My birthday is in February. It’s always been in February.

I am nine years old. I count backwards on my fingers to make sure. I land on 2011. This piece of paper is seven years too early. Or am I seven years too late?

I tear through the box. I find another picture. My mom and dad are in a field, my dad in a suit and my mom in a black dress. They’re standing in front of something. A box. Not like the box in my lap. But maybe everything like the box in my lap.

Their faces are long. These are the faces I know, nothing like the faces on that foreign front porch.

They are standing in front of a coffin.

“Ida Elizabeth, what are you doing?” When I turn around, Mommy’s face is white as a ghost. She’s home early. She marches into the closet in a daze and snatches the photo from my hands.

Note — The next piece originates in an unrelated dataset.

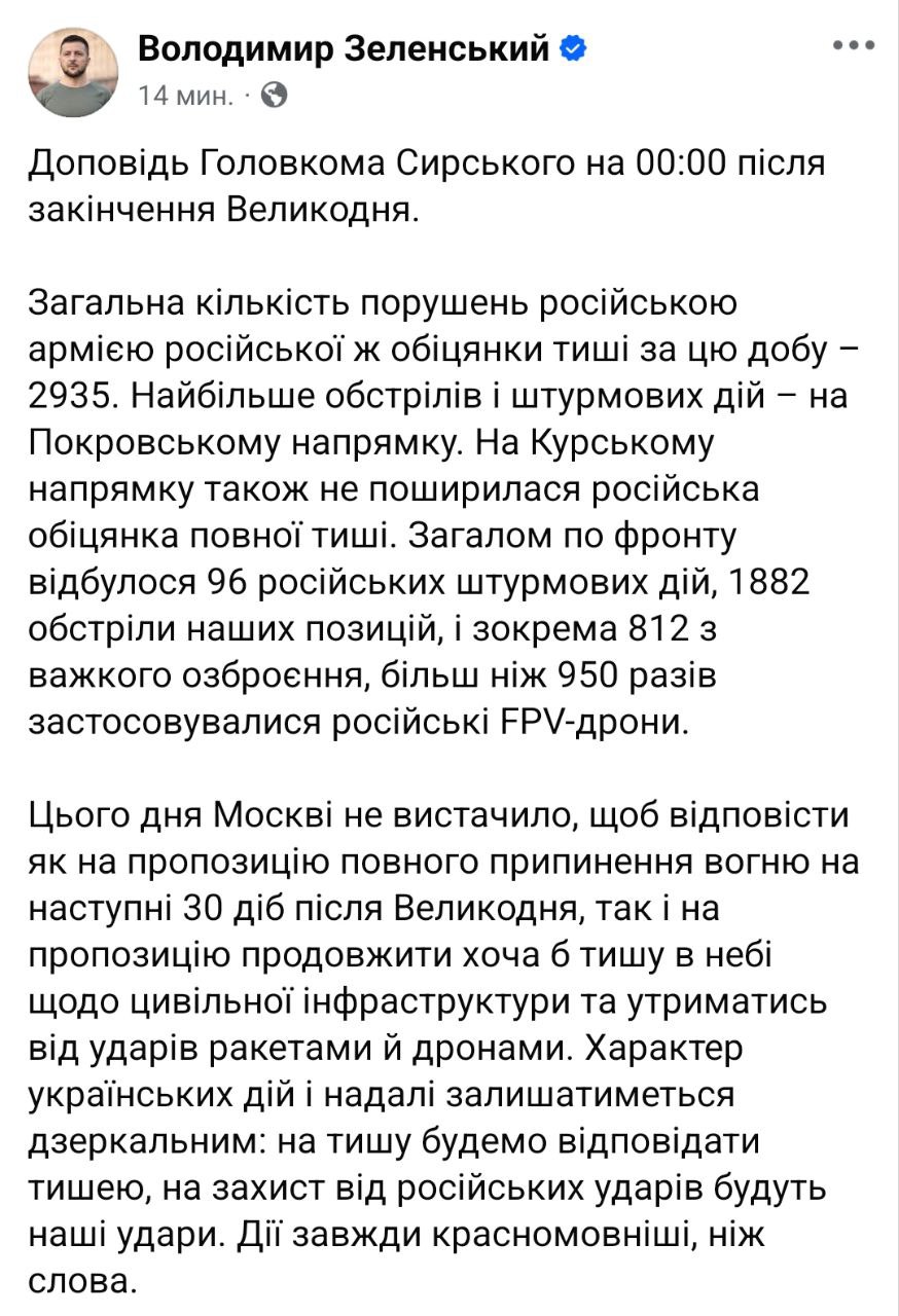 Це сталося після закінчення терміну великоднього перемир'я. До цього Росія повітряних атак не проводила (що раніше визнав і Зеленський ). Тобто фактично перемир'я скінчилося.

Before she can stop me I dig my hands into the box and pull out the first thing my hands touch. A newspaper article with that same coffin picture.

Tragic Accident Befalls Local Family- Six Year Old Daughter Found Dead.

“What is this?” I hold up the flimsy paper. It trembles in my hands. Mommy is crying uncontrollably now. I feel my heart beating in my chest, in my stomach, in my ears.

“I don’t have a sister,” I say, but lacking confidence.

“Neither did Ida!” She yells back, voice hoarse.

But I’m Ida. My name is Ida Elizabeth and I am an only child and my mom just said my name but she isn’t talking about me.

More loud crying wracked her body. “We just wanted a second chance,” she said, dropping to the floor like me. I gently placed the newspaper back in the box, then pushed the box as far away from my body as I could reach. “What’s wrong with that?” She looked at the ceiling like she was asking God.

Maybe I’m forgetting things. Maybe we moved when I was a baby so I never knew that porch. Maybe I’m not in fifth grade. Maybe my birthday is in October. Maybe I’m a zombie who rose from the dead and climbed out of my coffin on February 18th, 2011.

No. None of those things are true.

I start crying with her, but we don’t cry together. I don’t crawl over to her. I don’t reach out for her comforting arms. I cry alone on the scratchy carpet on the floor of a closet I wish I’d never opened.

The Mommy in front of me isn’t the Mommy I know, but even less is she the Mommy in the picture in front of the porch with baby Ida who isn’t me.

But I think I am supposed to be her.